I am writing a ncurses based C.A. simulator for (nearly) any kind of C.A. which uses the Moore or Neumann neighborhoods.

With the current (hardcoded and most obvious [running state funcs]) the simulation runs pretty well; until the screen is filled with 'on' (or whatever active) cells.

So my question is: Are there any efficient algorithms for handling at least life-like rules? or Generations, Weighted life/generations...

Thanks.

A: 

I think writing state machines is not as much algorhitms designing problem as is just problem how to write clean and "bug free" code. What are you probably looking for is implementation of cellular automata / state chart.
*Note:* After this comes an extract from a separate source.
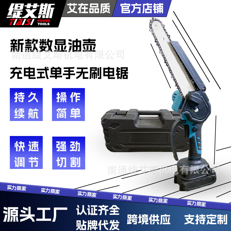 新型デジタル表示オイルポット充電式片手チェーンソー家庭用手持ち手持ちリチウム電気木切り鋸屋外チェーンソー
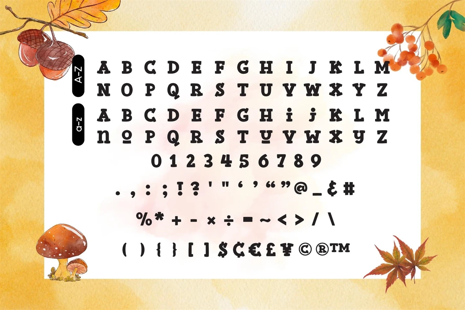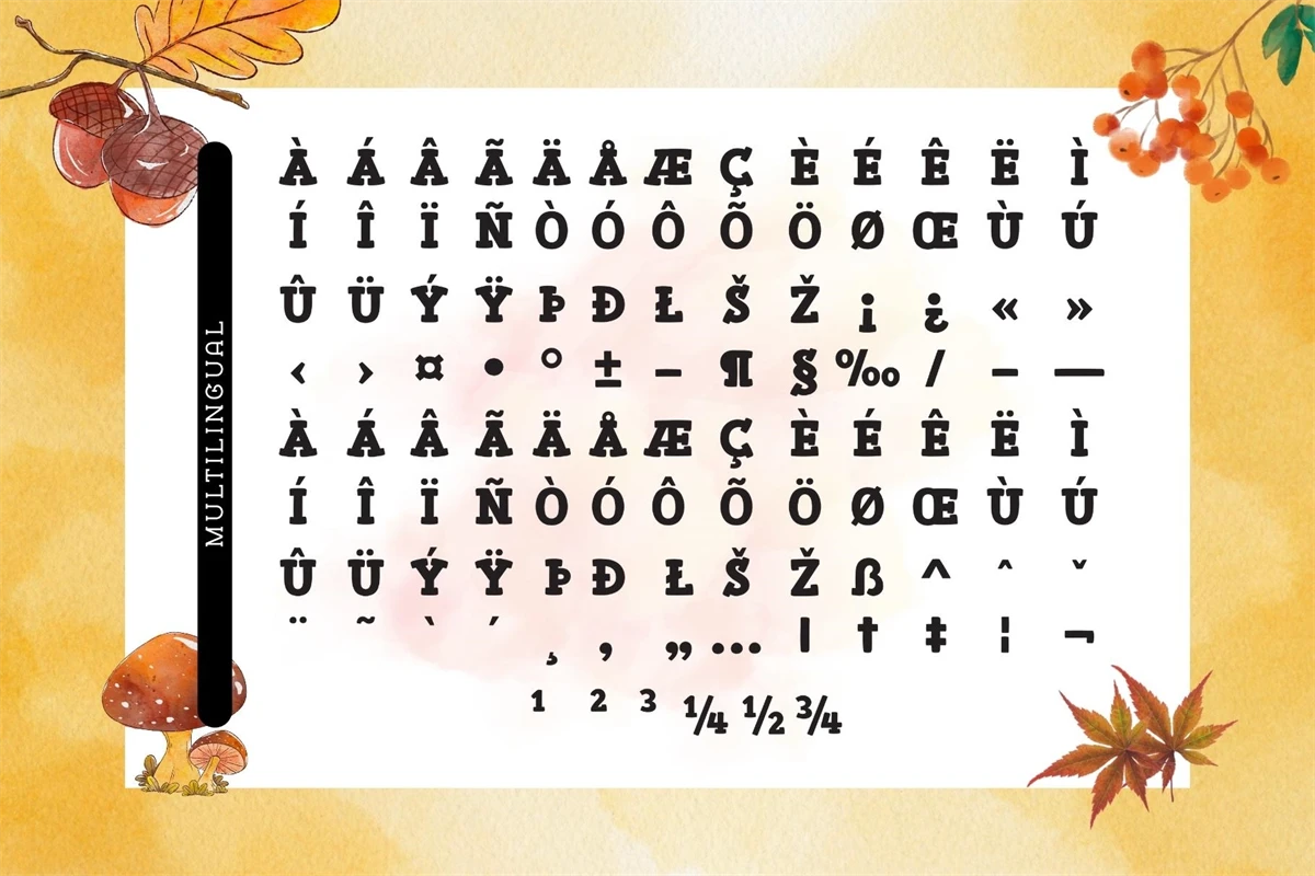 Fox Pumpkin is a bold and playful slab serif font that adds a captivating and energetic touch to your designs. Its main feature is its vibrant and expressive design, allowing you to create attention-grabbing headlines, t-shirt typography, banners, product labels, and more with its versatility and eye-catching presence.

http://www.state-machine.com/ //<- no this is not coincidence http://www.boost.org/doc/libs/1%5F40%5F0/libs/statechart/doc/index.html

You might also try whit stackless python http://stackless.com/. It can be used for state machines or CA. Here http://members.verizon.net/olsongt/stackless/why%5Fstackless.html#the-factory it is tutorial for stackless implementing factory process simulation

ralu
well i do not want general purpose state-machines, nor clean code, really i want to optimize celular automata simulation execution (faster).
zkp0s
Then just make one big ugly switch, or maybe better just code whit lo of gotos.Do not have better idea. State machines can not be optimised whit generic algorhitm.
ralu
and tell me about hashlife. I repeat, I Don want to have general purpose state-machines but some optimizations on certain common Celular Automata rules
zkp0s
+2  A: 

it's generally nice to only run update passes in areas of the grid that had activity in the previous time step. if you keep a boolean lattice of "did i change this time?" for each pass, you only need to update cells within one radius of those with an "on" in the change lattice.

Autoplectic
A: 

You could look into the HashLife algorithm and try to adapt its concept to whatever automata you are working on.